Die Beklagte bestritt, beantragte Klageabweisung und wendete im Wesentlichen ein, ihre Mitarbeiter hätten keine Schutz‑ und Sorgfaltspflichten verletzt, weil sämtliche Vorkehrungen getroffen worden seien, um derartige Unfälle zu verhindern. Sollte eine Lacke zum Unfallzeitpunkt vorhanden und für den Sturz ursächlich gewesen sein, sei auszuschließen, dass sich die Lacke schon längere Zeit vor dem Sturz des Klägers auf dem Boden befunden habe, da die Mitarbeiter permanente Kontrollgänge durchführen, bei denen sie auf Verunreinigungen des Bodens achten und allfällige Verunreinigungen sofort beseitigen. Die Mitarbeiter der beklagten Partei ‑ und auch jene der gegenständlichen Filiale ‑ seien nämlich angewiesen, laufend und regelmäßig Kontrollgänge im Geschäftsraum durchzuführen und dabei insbesondere auf Verunreinigungen des Bodens zu achten. Zudem erfolge die Kontrolle der Böden durch die Mitarbeiter im Zuge jeder im Geschäftsraum vorgenommenen Tätigkeit, sodass unabhängig davon, welche Tätigkeit von einem Mitarbeiter gerade vorgenommen werde, zugleich bzw beiläufig auf die Sauberkeit des Bodens geachtet werde.
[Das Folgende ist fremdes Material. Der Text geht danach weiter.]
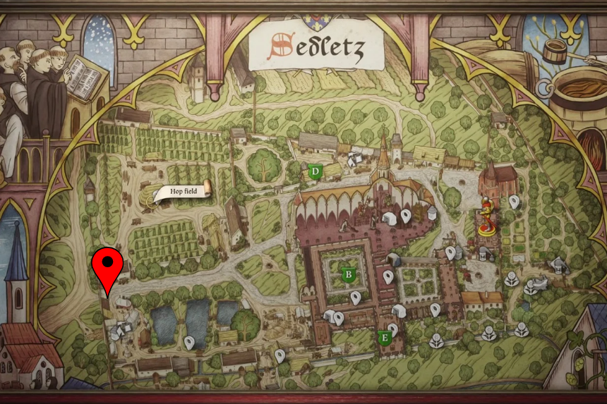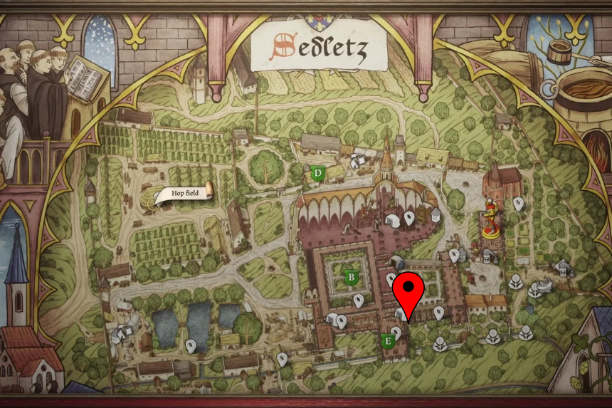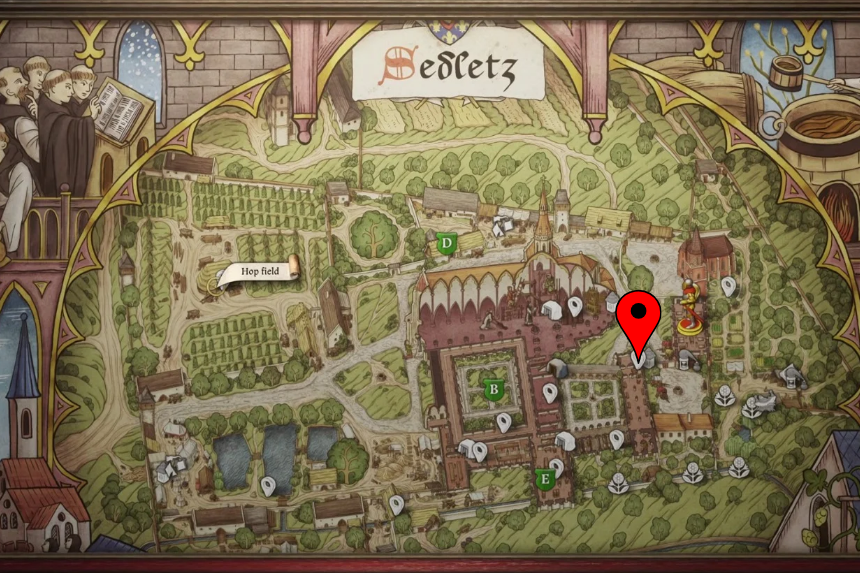 Apri la mappa e ingrandisci completamente. Appena ad ovest dell’infermeria troverai una piccola cappella rappresentata da un angelo che regge una bilancia. Dirigetevi verso quella cappella. Attraversa il cortile occidentale nella cappella e dietro l’altare troverai le cartelle cliniche di re Venceslao. Questa scoperta pone le basi per le scelte future.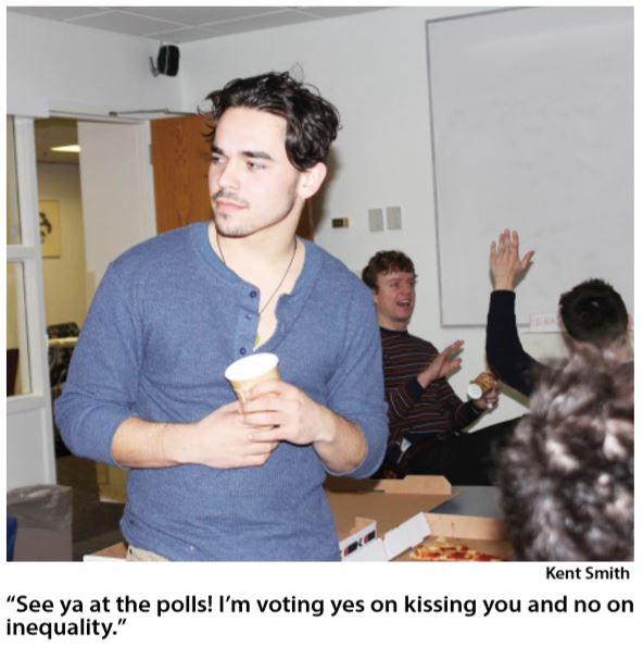 “I don’t really follow politics, but I’m always down to have a good time,” said Hayward, who mentioned having some difficulty gauging his prospects in the flickering blue-tinged light of the projector screen. “Getting turned up on a Tuesday? A theme party? I’m there.”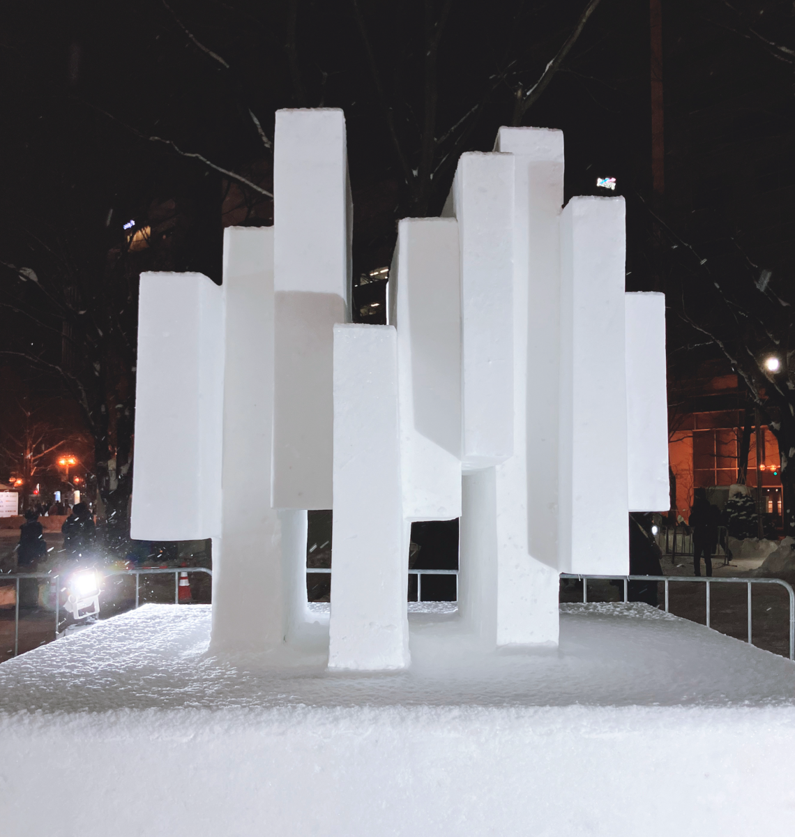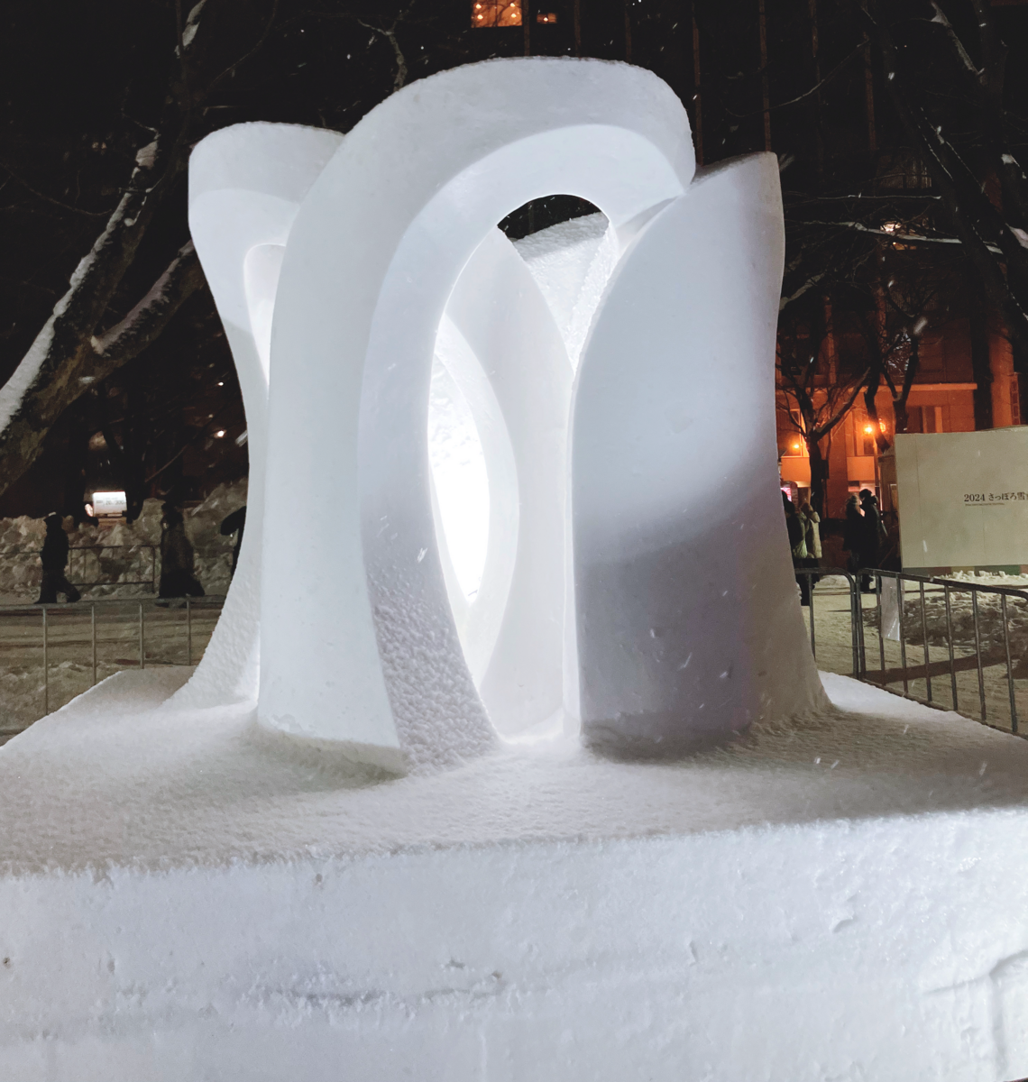 雪でこんな造形できるんだ。すごい。重力ガン無視じゃん。雪像の可能性は無限大だ。メビウスの輪も作れそう。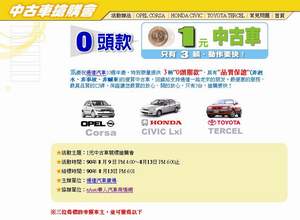 積極經營中古車市場的eAuto(www.eauto.com.tw)華人汽車商情網,與知名的中古車商通達汽車廣場,在 本 月 9 日下午2點,舉辦國內首創的「 一元中古車競標搶購會」。此活動除了一元起標為最大特色外,另外更提供零頭款、車源品質、3個月(5000公里)保固三大保證,以及一年20公里免費道路救援等保障。
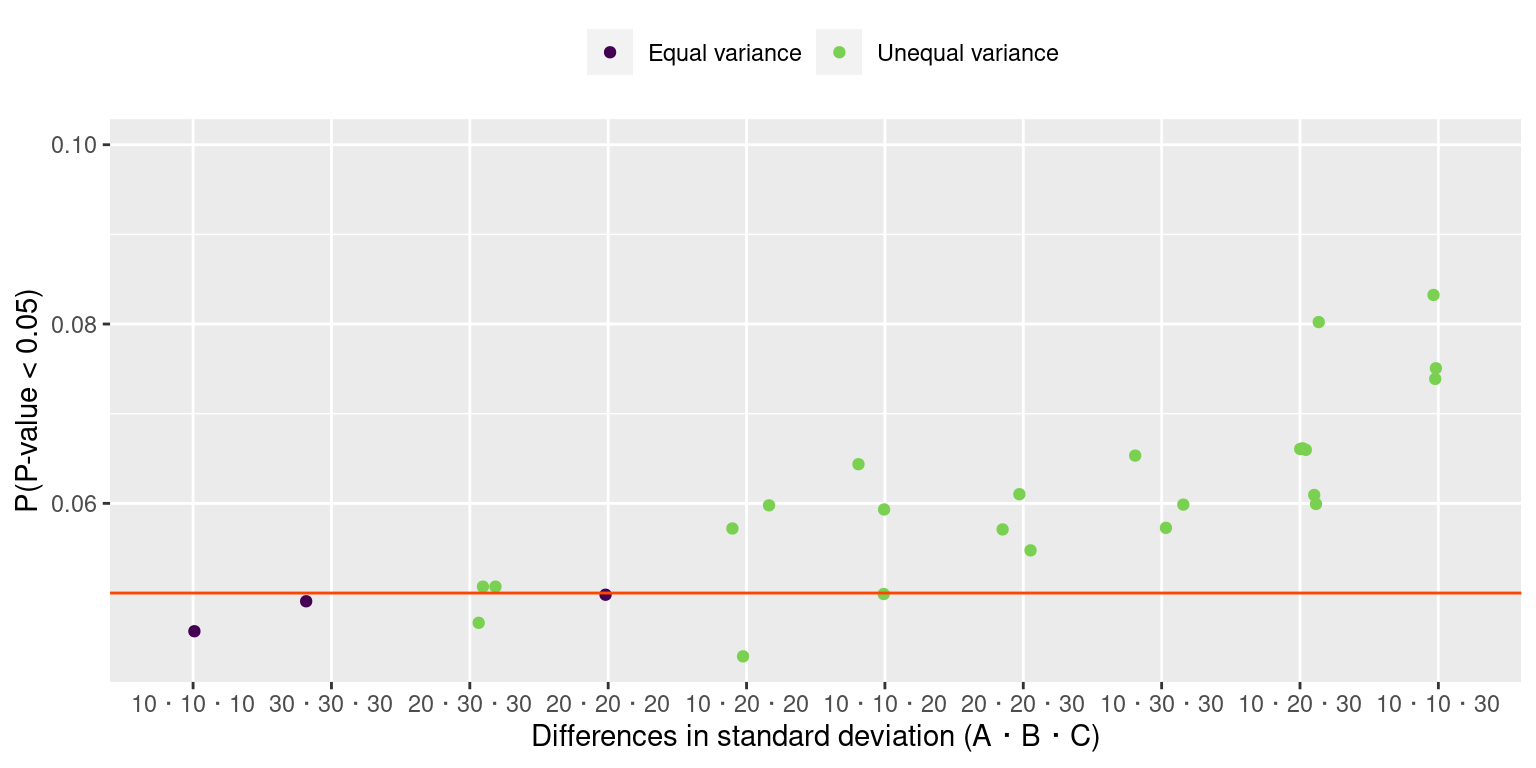 事前比較のとき,第 1 種の誤りは分散分析の \(\alpha\) と同じです。 事後比較のとき,第 1 種の誤りを新たに求める必要があります。

Kontrollen des Bodens fänden daher laufend statt, weshalb auszuschließen sei, dass sich die behauptete Verunreinigung bereits länger am Boden befunden habe. Die Lacke müsse demnach unmittelbar vor dem Sturz des Klägers entstanden sein, sodass es den Mitarbeitern in dem zum Unfallzeitpunkt stark frequentierten Verkaufslokal unmöglich gewesen sei, auf die allenfalls gegebene Gefahrensituation zu reagieren. Jeder Mitarbeiter sei persönlich während jeder Tätigkeit in der Filiale für die Sauberkeit des Bodens verantwortlich. Diese Vorgangsweise habe die beklagte Partei im Zuge der Erarbeitung von Verkaufsstandards entwickelt, die auch die Reinigung und Sauberkeit beinhalten. Ein entsprechender Pflichtenkatalog werde jedem Mitarbeiter ausgehändigt. Der Filialleiter und der Regionalverkaufsleiter seien für die Umsetzung durch entsprechende Anweisungen und Personalschulungen verantwortlich. Gleiches gelte für die Richtlinien, die im Rahmen des „HACCP‑Systems“ erarbeitet worden seien. Entsprechend diesen Richtlinien habe eine Reinigung des Fußbodens im Verkaufsraum sowie des Ein‑ und Ausgangsbereichs zumindest täglich sowie stets nach Bedarf mit einer Reinigungsmaschine zu erfolgen.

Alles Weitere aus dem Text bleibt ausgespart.